MiniMax, a new diminutive Glycine max genotype with a rapid life cycle, embryogenic potential and transformation capabilities

  • Vincent P. KlinkEmail author
  • Margaret H. MacDonald
  • Veronica E. Martins
  • Soo-Chul Park
  • Kyung-Hwan Kim
  • So-Hyeon Baek
  • Benjamin F. Matthews
Original Paper

Abstract

We developed Glycine max cv MiniMax (PI643148) that has a rapid life cycle, short stature and characteristic simple sequence repeat (SSR) markers that could make it useful for mutant screening, functional genomics, genetic mapping and other studies involving soybeans. We demonstrate that MiniMax is able to make somatic embryos (SEs) that rapidly develop into plantlets. Thus, the rapid cycling habit carries over into aspects of plant regeneration. Chimaeras (having transformed roots with untransformed aerial stocks) have been produced rapidly under non-axenic conditions using Agrobacterium rhizogenes-mediated transformation. Part of these experiments involved the engineering an enhanced green fluorescent protein (eGFP) reporter cassette outside the multi-cloning site of a plant expression vector, permitting non-invasive visual screening of the transformed roots. The rapid cycling growth habit of MiniMax, its ability to efficiently generate SEs and ability to be transformed should prove useful for basic aspects of G. max molecular and genetic research.

Keywords

MiniMax Glycine max Somatic embryogenesis 

Abbreviations

MG

Maturity group

SCN

Soybean cyst nematode

SSR

Simple sequence repeat

GUS

β-glucuronidase

eGFP

Enhanced green fluorescent protein

FMV sgt

Figwort mosaic virus sub-genomic transcript

Notes

Acknowledgements

The authors thank Prakash Arelli, USDA-ARS-MSA, Crop Genetics and Production Research Unit, 605 Airways Blvd., Jackson, TN, 38301 for the H. glycines race studies in G. max cv MiniMax.
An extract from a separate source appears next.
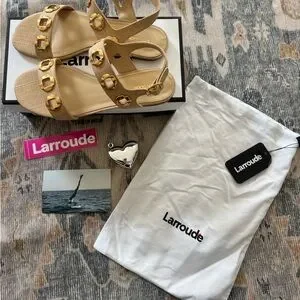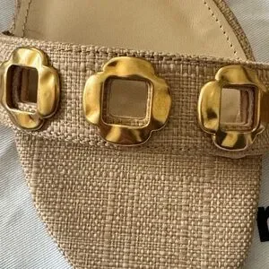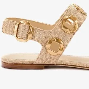 **NIB** Larroude Milan Flat Sandal In Beige Raffia

The authors thank Hunter Beard for excellent technical support. We also thank Dr. Wayne Parrott (University of Georgia) for technical assistance during the development of the plant transformation procedures. This work was supported by the United Soybean Board under grant 5214. Mention of trade names or commercial products in this article is solely for the purpose of providing specific information and does not imply recommendation or endorsement by the United States Department of Agriculture.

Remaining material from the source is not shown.